• **ACTIVITY**:
Under this line sits a listing. Repeat exactly and only its lines from the one holding "4年生の体育では、ポートボー" through the one holding "С одной стороны, такое"; skip pictures.

• **PROVIDED RECORDS**:
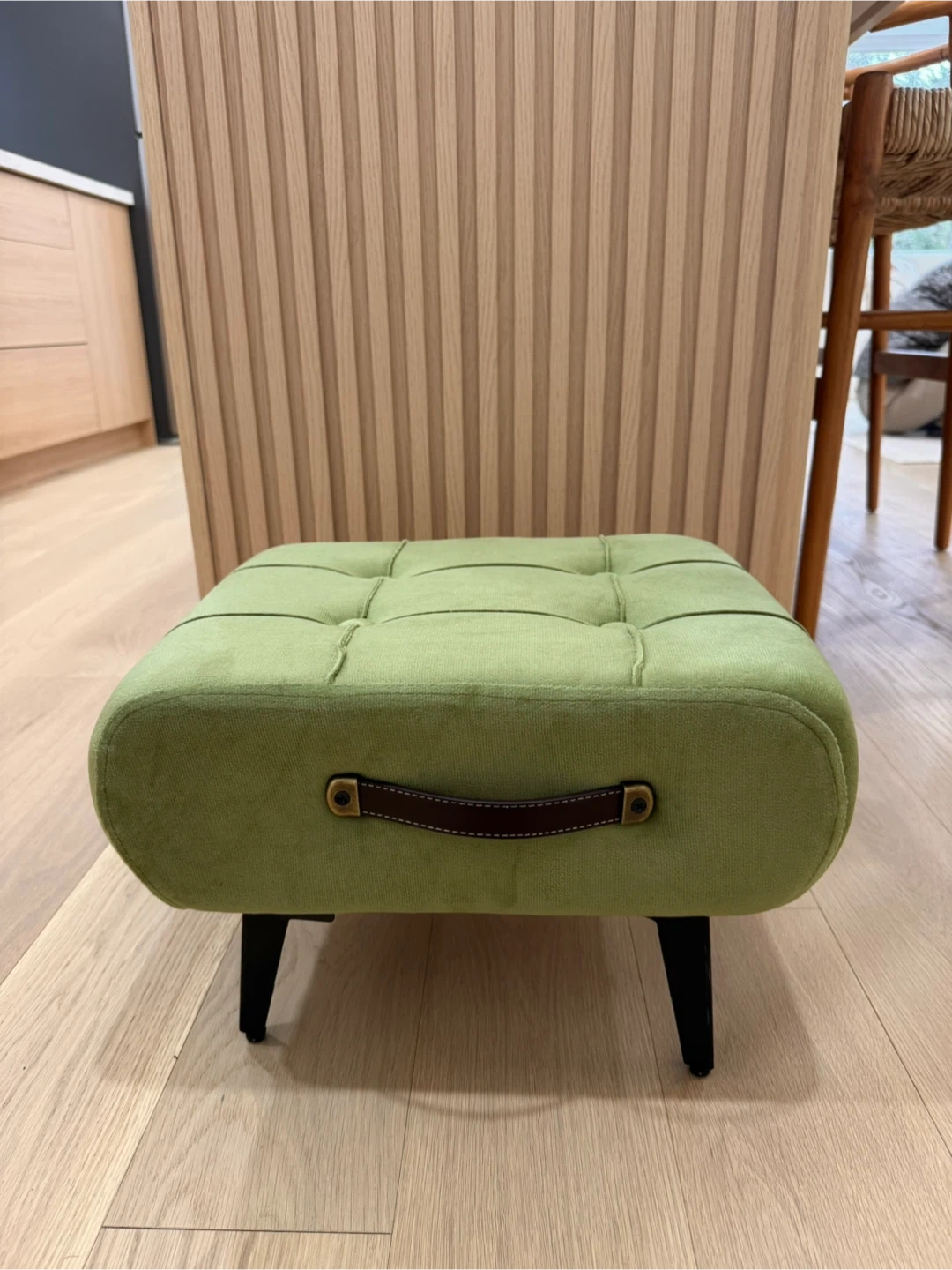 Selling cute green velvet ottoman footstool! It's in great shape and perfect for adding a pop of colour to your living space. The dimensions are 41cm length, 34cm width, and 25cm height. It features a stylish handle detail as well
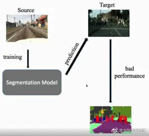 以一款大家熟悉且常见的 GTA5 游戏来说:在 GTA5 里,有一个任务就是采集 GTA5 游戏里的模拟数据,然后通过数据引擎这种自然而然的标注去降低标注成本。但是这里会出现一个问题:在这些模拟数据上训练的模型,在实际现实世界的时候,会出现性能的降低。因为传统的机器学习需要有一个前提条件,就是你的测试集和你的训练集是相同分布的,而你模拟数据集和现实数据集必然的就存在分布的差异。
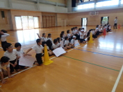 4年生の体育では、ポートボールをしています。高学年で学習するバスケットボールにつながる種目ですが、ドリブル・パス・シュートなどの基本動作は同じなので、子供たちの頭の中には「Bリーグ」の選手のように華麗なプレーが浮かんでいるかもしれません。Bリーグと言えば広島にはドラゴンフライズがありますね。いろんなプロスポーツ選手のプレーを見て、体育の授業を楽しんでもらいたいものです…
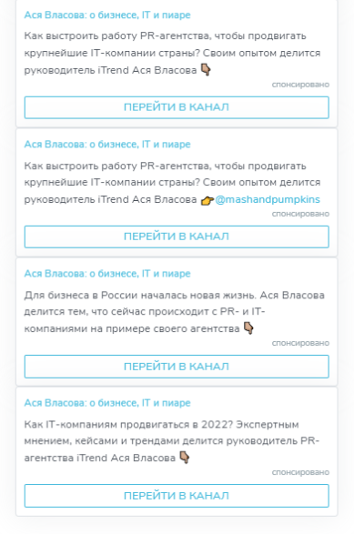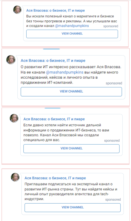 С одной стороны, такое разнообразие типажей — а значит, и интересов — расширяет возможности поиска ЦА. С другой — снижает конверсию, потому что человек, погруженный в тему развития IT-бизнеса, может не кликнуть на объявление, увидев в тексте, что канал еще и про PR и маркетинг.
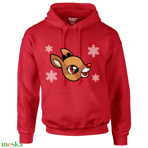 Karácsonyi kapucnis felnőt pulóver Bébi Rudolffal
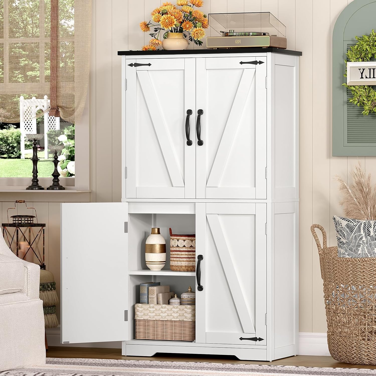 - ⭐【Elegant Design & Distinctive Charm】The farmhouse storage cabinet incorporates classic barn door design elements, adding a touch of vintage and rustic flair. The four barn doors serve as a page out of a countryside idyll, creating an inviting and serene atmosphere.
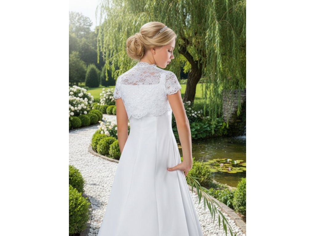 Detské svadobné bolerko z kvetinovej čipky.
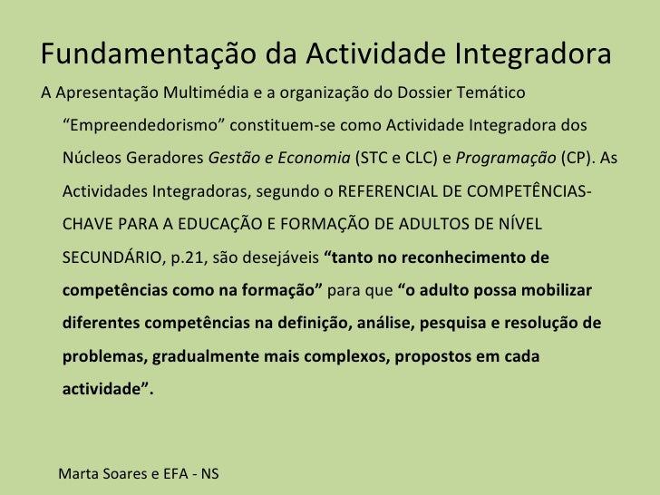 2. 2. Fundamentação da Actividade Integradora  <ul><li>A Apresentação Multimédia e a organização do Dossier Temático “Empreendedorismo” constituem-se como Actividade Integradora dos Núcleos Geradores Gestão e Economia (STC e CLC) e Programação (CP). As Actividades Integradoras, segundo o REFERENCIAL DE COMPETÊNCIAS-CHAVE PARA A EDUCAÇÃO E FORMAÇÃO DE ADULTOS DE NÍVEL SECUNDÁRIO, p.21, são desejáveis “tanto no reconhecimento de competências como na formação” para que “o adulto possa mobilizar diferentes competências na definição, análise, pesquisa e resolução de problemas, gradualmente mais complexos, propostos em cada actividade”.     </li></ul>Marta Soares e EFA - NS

==

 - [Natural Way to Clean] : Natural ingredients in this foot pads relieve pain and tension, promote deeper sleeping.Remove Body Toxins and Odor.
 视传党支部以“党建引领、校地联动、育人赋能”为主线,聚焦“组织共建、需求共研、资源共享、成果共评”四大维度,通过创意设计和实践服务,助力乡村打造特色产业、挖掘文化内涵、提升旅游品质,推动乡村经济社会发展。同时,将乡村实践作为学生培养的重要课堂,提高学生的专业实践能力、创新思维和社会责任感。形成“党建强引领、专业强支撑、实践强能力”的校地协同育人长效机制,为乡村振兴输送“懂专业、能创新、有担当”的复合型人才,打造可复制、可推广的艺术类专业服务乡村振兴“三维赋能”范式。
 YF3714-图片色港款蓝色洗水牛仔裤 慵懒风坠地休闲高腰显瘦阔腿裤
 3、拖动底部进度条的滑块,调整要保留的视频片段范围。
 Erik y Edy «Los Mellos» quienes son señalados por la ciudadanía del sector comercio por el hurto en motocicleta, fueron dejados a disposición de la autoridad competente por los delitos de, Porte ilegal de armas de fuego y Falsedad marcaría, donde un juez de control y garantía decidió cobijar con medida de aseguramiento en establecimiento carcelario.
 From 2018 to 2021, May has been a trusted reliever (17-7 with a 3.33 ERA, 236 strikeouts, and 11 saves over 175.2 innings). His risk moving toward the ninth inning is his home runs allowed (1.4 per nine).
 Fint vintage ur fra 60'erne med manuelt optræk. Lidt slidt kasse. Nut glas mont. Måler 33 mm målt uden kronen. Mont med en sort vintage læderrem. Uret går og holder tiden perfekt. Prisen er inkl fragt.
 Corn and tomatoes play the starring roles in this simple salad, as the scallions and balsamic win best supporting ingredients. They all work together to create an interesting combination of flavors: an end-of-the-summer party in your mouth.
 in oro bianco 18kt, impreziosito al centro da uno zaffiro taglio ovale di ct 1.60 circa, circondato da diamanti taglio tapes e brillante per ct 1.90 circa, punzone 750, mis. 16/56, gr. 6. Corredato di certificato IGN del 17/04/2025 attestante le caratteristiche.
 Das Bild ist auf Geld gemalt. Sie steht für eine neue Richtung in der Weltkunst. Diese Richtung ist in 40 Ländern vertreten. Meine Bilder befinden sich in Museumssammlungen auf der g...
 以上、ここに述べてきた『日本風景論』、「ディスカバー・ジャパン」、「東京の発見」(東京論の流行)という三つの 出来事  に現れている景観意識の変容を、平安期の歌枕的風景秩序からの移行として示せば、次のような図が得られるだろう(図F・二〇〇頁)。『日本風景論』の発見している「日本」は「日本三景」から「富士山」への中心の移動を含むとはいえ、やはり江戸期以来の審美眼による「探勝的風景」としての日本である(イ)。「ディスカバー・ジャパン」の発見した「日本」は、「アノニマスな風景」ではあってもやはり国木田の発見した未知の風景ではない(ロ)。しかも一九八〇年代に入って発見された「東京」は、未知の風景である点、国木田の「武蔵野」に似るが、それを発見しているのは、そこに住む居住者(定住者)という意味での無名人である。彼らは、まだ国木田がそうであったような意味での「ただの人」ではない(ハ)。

• **SOLVED EXERCISE**:
 4年生の体育では、ポートボールをしています。高学年で学習するバスケットボールにつながる種目ですが、ドリブル・パス・シュートなどの基本動作は同じなので、子供たちの頭の中には「Bリーグ」の選手のように華麗なプレーが浮かんでいるかもしれません。Bリーグと言えば広島にはドラゴンフライズがありますね。いろんなプロスポーツ選手のプレーを見て、体育の授業を楽しんでもらいたいものです…
 С одной стороны, такое разнообразие типажей — а значит, и интересов — расширяет возможности поиска ЦА. С другой — снижает конверсию, потому что человек, погруженный в тему развития IT-бизнеса, может не кликнуть на объявление, увидев в тексте, что канал еще и про PR и маркетинг.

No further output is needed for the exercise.